Crónicas

A cultura do silêncio

Uma das maiores provas de cumplicidade advém do entendimento no silêncio. Eu que adoro música, pessoas, restaurantes e o pulsar da vida tenho cada vez mais respeito pela partilha através do “apenas” estar. Quem consegue passar uma manhã ou uma tarde inteira no mesmo espaço que outra pessoa sem que precise de trocar uma única palavra para se sentir parte do mesmo quadro consegue compreender o quanto isso pode ser importante no relacionamento entre as pessoas. Podemos fazer imensamente parte da vida de alguém, seja que tipo de relação for conseguindo sentir o “estar” sem necessidade permanente de ter que inventar diálogos. Quem se incomoda com isso ou vê nisso falta de empatia é porque não consegue recolher um capital de segurança em si próprio para saber tudo aquilo que esses momentos nos podem transmitir. Às vezes a ler um livro ou um jornal, a trabalhar, a ver um filme ou até a olhar, a admirar sem que isso possa ser um incómodo ou falta de educação.

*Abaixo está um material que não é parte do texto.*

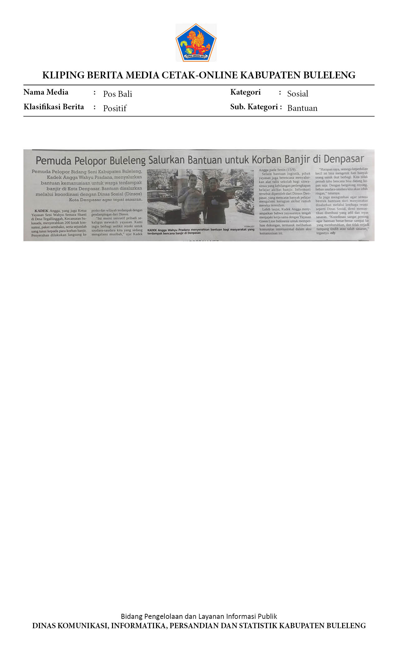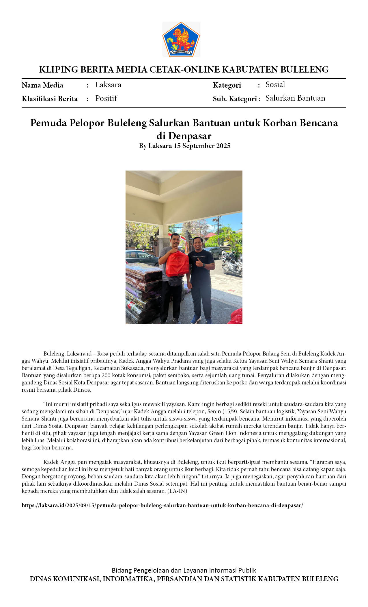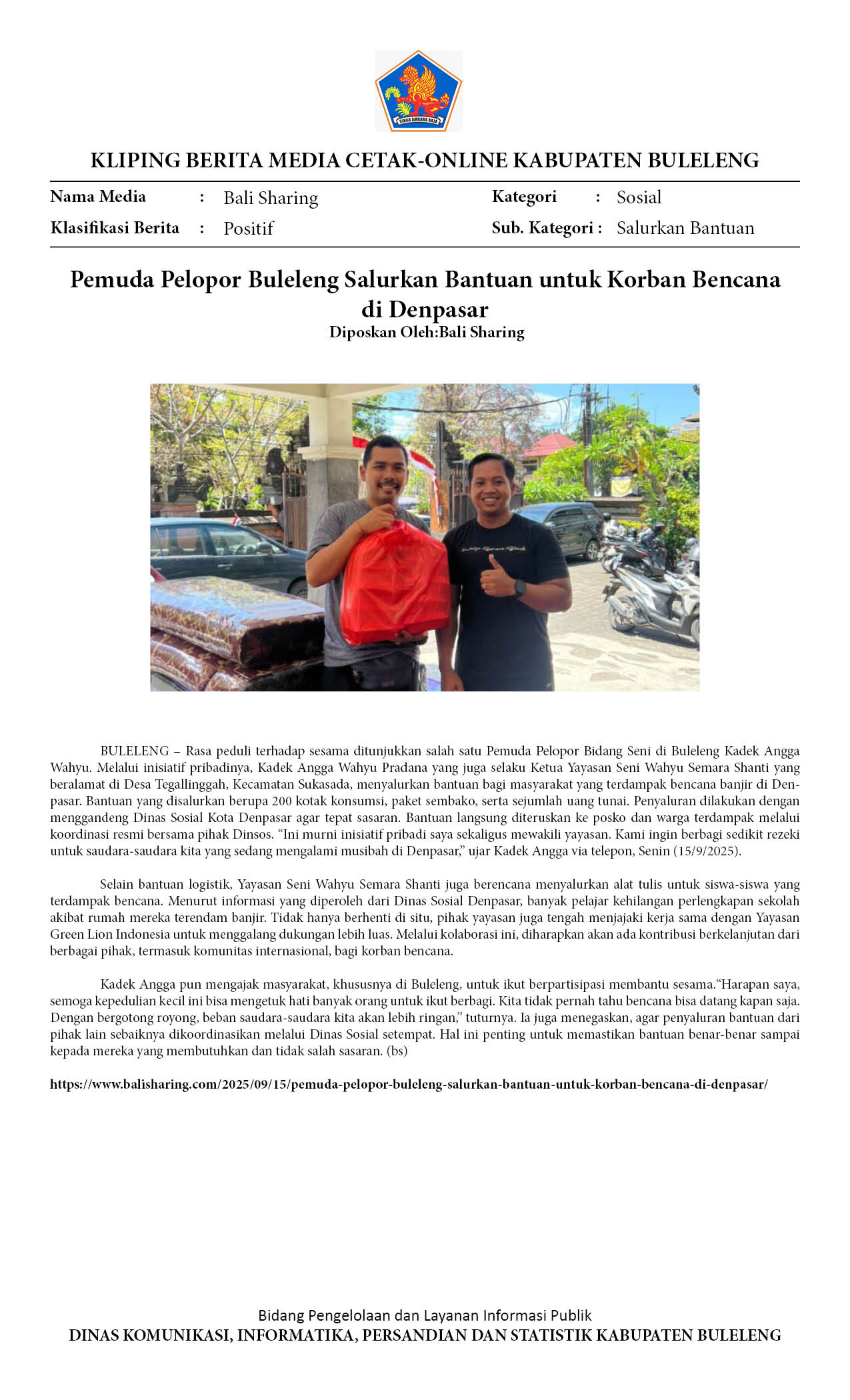PEDULI KASIH, PEMUDA PELOPOR BULELENG SALURKAN BANTUAN BENCANA BANJIR
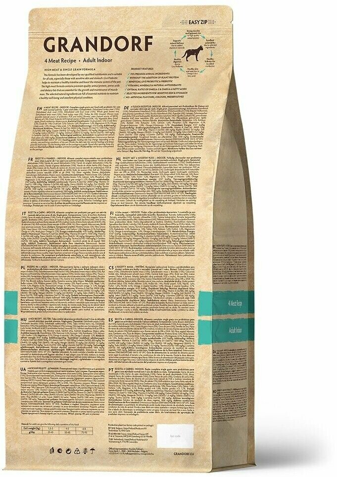 Корм для кошек GRANDORF 4 Мяса Indoor 2кг. Для взрослых кошек от 1 года с нормальной активностью. С пробиотиками

Na nossa vida há momentos em que é importante falar, exprimir a nossa opinião, dizer de nossa justiça, defender os nossos interesses, os nossos valores ou os nossos direitos, outras há em que o mais importante de tudo é estar calado sem que isso deixe de significar falta de interesse ou de capacidade intelectual para esgrimir o que quer que seja. No meio da minha música, dos sons que fazem parte da minha essência tenho aprendido com essa maravilhosa faculdade que nos ensina muitas vezes a compreender muito melhor o mundo, quem nos rodeia e quem temos à nossa frente. Perceber que na grande maioria das vezes não é quem mais fala que mais se impõe. É aliás precisamente o contrário, quem consegue falar pouco e ter a magia de falar com os olhares, com os gestos e com os movimentos é das nossas formas de expressão mais bonitas e que mais significado têm.

Para além de que o silêncio baralha os outros. Ficam ali a imaginar no que estamos a pensar, no que queremos ou não dizer, o que estamos a sentir. Quantas vezes não nos deparámos com pessoas que só falam, ou só têm determinado tipo de atitudes só para colher uma reação nossa, uma palavra que nos identifique e os acalme? Dentro do que é a nossa construção pessoal, das experiências ou histórias que por um motivo ou por outro nos marcam, o caminho vai-nos ensinando que há por aí gente que não merece a nossa dialética ou uma qualquer justificação ou confronto. E saber sofrer em silêncio é também uma demonstração de nobreza e de estado de espírito. Se uma palavra certa nossa pode mudar o dia de alguém, às vezes sem nos apercebermos, a ausência de resposta também pode ter o condão de representar muito do que estamos a sentir, do que nos define em determinado momento ou situação.

As pessoas gostam muito de tentar encontrar razões para tudo e de não se sentirem confortáveis com o pensamento e com a possibilidade de podermos estar ali sem termos que estar a dizer seja o que for. E há também quem não mereça muitas palavras nossas, só indiferença. Não é por acaso que se diz que se temos duas orelhas e uma só boca é para ouvirmos mais e falarmos menos. A cultura do silêncio é a capacidade de estarmos bem connosco próprios mas é também uma forma bem esclarecedora do que temos par dizer aos outros. Umas vezes nada, outras tudo. Saber estar só assim, a cultivar essa capacidade e de ainda assim nos podermos fazer sentir interessados ou a exprimir o quanto gostamos do outro é das formas mais evoluídas de partilha.